> _The problem_:
Pictures excluded, output the lines of the data below between the one holding "Asian businesswomen are" and the one holding "Кондиционер (сплит-система) WILLMARK", inclusive, exactly as they stand.

> _Dataset excerpts_:
++++++++++

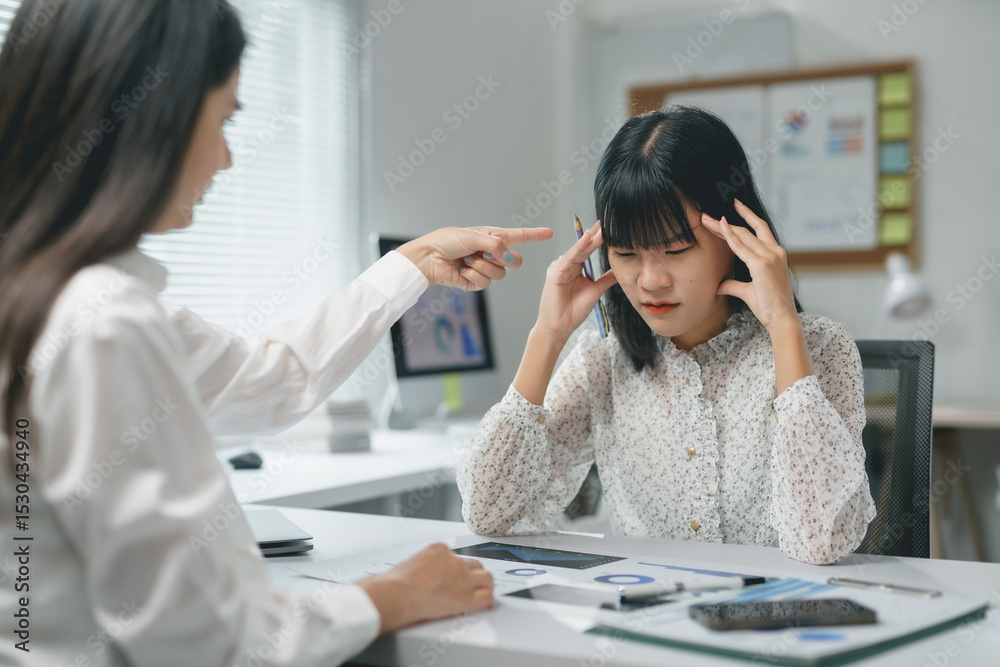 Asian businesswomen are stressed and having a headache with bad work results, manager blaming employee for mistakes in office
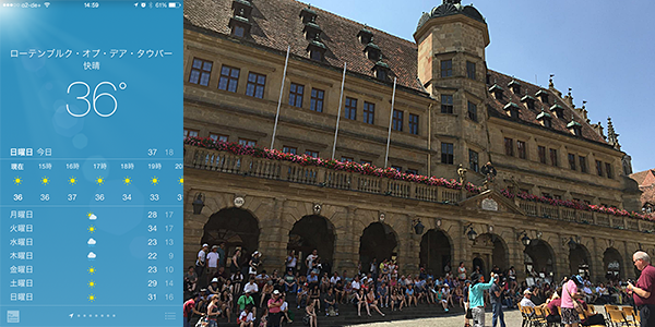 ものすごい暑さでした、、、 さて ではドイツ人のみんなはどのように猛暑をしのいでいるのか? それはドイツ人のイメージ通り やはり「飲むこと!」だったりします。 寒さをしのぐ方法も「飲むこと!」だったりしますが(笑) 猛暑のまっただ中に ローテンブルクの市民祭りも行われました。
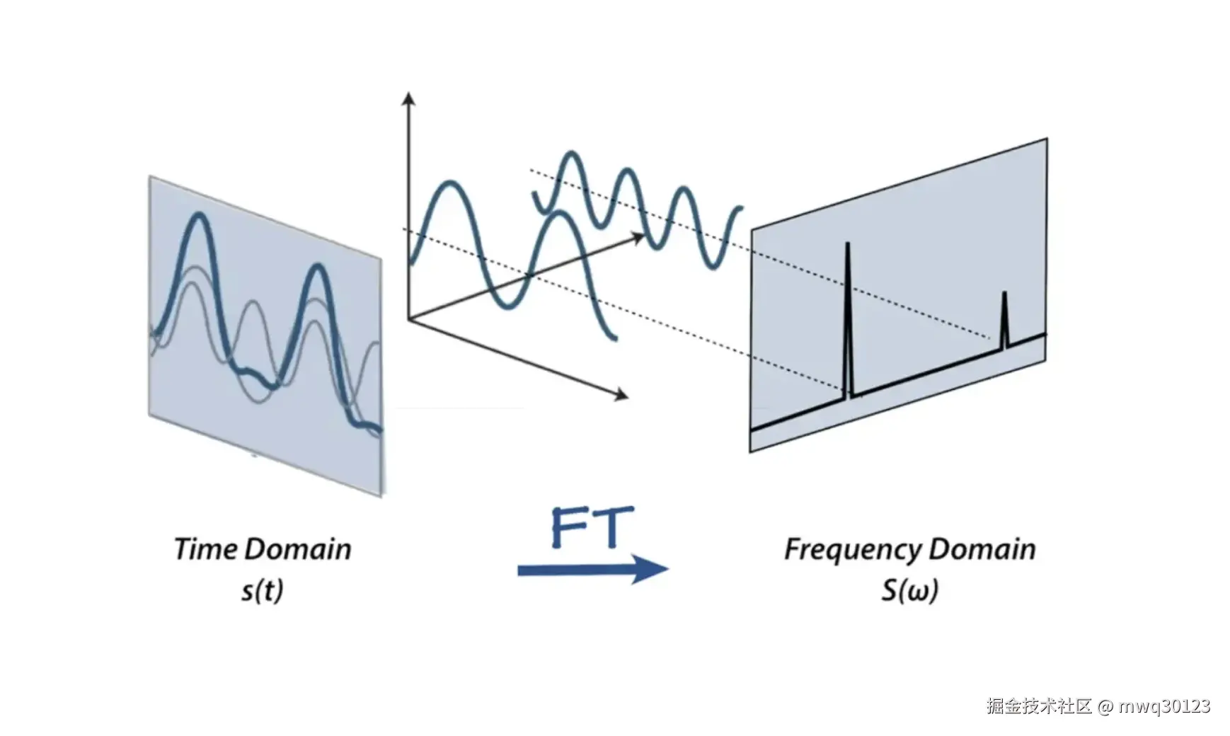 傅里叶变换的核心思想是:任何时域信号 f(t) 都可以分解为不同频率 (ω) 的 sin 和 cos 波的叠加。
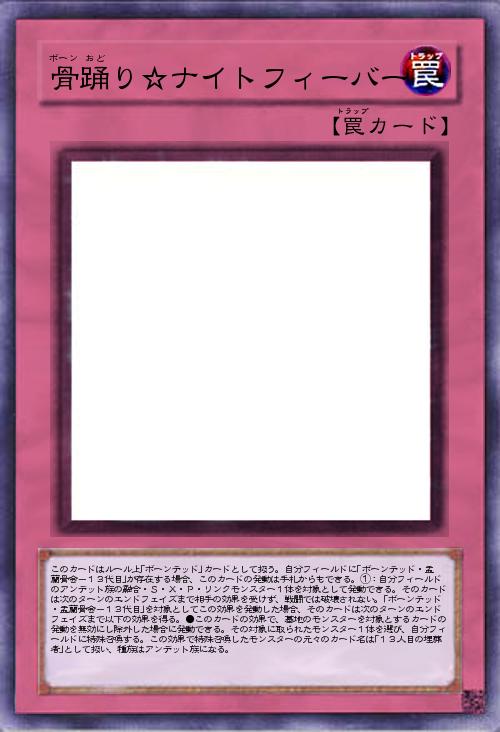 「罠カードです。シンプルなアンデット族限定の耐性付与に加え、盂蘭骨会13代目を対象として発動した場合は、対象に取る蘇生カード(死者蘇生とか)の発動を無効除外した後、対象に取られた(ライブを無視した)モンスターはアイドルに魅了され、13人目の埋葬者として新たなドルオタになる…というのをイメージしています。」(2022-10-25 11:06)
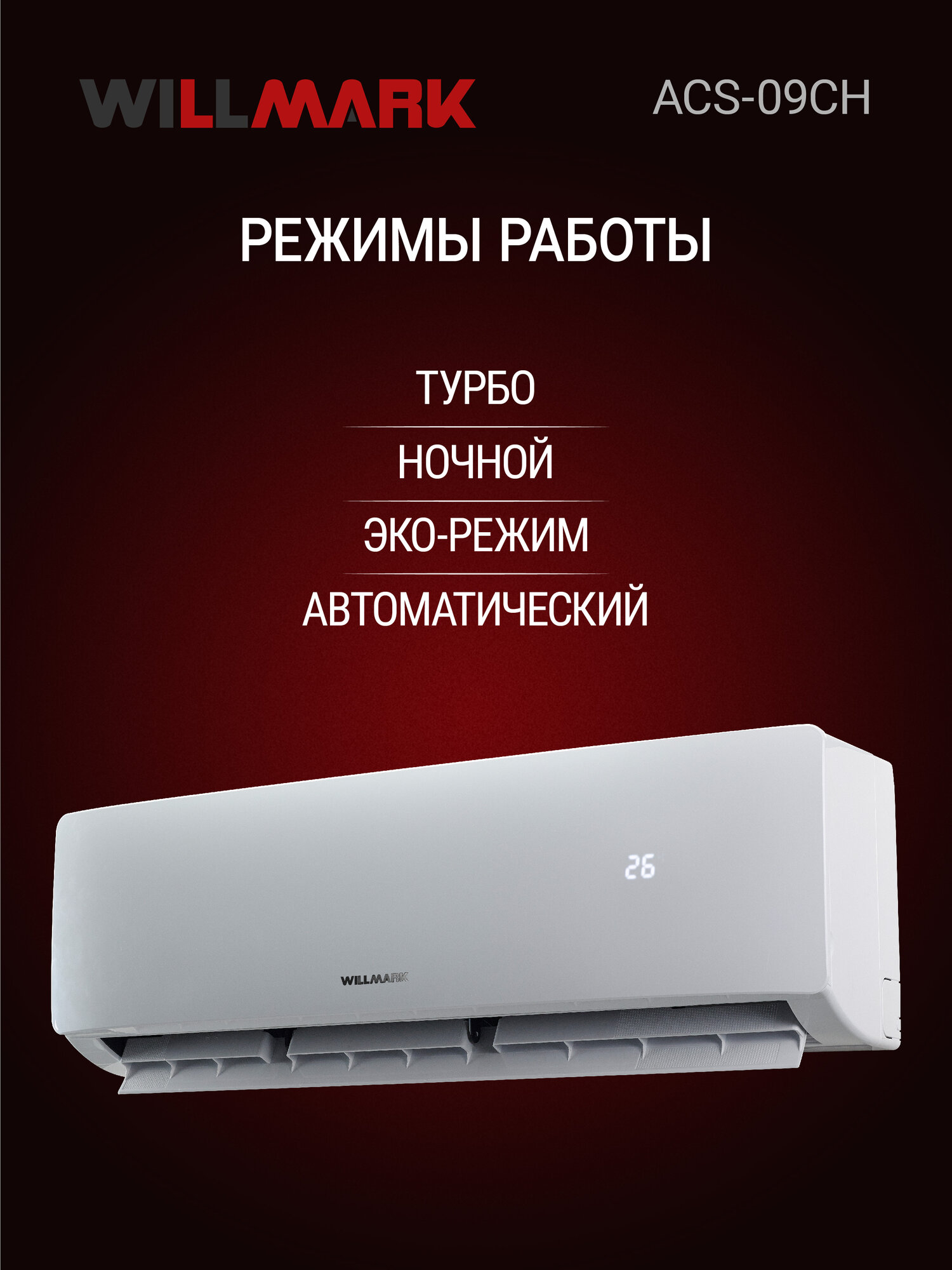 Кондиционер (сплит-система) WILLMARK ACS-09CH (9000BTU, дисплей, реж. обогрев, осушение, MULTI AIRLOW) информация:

++++++++++

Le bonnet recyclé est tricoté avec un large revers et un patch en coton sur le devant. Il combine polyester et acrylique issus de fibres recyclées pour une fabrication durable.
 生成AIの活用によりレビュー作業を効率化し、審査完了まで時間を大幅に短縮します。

++++++++++

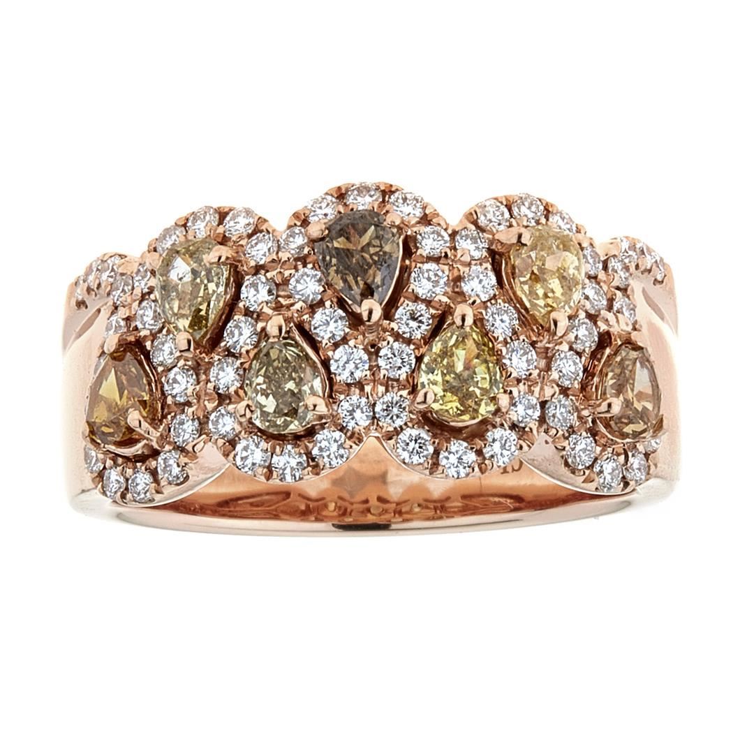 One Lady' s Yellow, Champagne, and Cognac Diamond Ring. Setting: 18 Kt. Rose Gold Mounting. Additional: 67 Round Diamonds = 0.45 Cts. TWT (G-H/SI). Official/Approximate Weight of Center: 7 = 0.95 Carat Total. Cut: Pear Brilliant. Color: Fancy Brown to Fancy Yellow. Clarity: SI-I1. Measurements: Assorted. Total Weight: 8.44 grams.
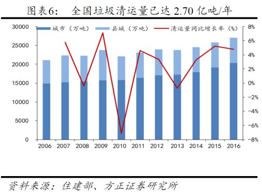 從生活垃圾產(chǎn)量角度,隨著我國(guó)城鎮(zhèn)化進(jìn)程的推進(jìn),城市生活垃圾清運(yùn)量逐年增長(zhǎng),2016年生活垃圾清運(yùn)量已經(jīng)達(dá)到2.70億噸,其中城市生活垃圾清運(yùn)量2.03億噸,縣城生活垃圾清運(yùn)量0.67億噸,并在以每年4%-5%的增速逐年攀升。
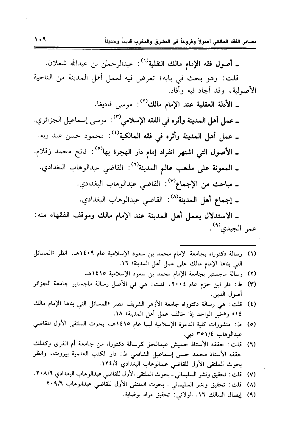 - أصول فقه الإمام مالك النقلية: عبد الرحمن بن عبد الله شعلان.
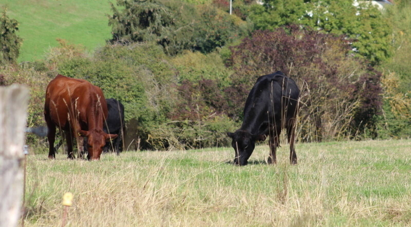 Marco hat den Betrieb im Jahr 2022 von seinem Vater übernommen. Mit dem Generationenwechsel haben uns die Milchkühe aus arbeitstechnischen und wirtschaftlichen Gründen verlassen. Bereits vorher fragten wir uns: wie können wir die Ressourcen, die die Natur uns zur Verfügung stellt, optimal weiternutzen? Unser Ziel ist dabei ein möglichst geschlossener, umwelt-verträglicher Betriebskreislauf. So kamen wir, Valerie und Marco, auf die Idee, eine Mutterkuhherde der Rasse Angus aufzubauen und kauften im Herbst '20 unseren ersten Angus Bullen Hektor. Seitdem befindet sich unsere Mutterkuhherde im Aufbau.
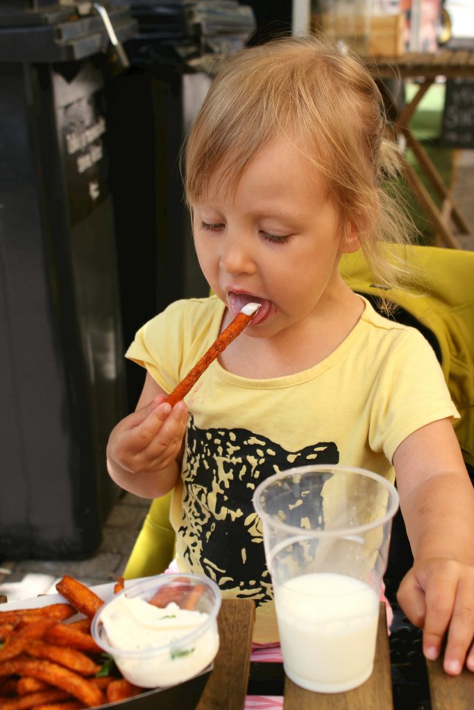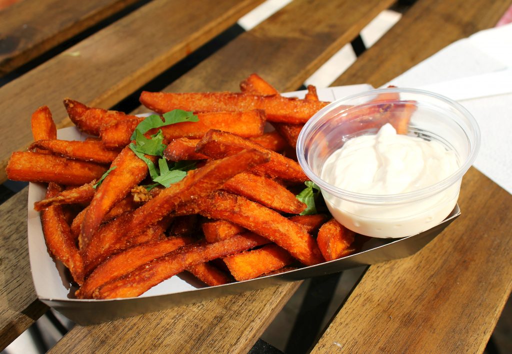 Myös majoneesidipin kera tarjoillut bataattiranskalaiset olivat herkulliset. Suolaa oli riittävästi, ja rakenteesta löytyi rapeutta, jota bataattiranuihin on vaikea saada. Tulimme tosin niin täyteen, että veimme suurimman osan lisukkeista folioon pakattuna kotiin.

++++++++++

> _Written solution_:
 Asian businesswomen are stressed and having a headache with bad work results, manager blaming employee for mistakes in office
 ものすごい暑さでした、、、 さて ではドイツ人のみんなはどのように猛暑をしのいでいるのか? それはドイツ人のイメージ通り やはり「飲むこと!」だったりします。 寒さをしのぐ方法も「飲むこと!」だったりしますが(笑) 猛暑のまっただ中に ローテンブルクの市民祭りも行われました。
 傅里叶变换的核心思想是:任何时域信号 f(t) 都可以分解为不同频率 (ω) 的 sin 和 cos 波的叠加。
 「罠カードです。シンプルなアンデット族限定の耐性付与に加え、盂蘭骨会13代目を対象として発動した場合は、対象に取る蘇生カード(死者蘇生とか)の発動を無効除外した後、対象に取られた(ライブを無視した)モンスターはアイドルに魅了され、13人目の埋葬者として新たなドルオタになる…というのをイメージしています。」(2022-10-25 11:06)
 Кондиционер (сплит-система) WILLMARK ACS-09CH (9000BTU, дисплей, реж. обогрев, осушение, MULTI AIRLOW) информация:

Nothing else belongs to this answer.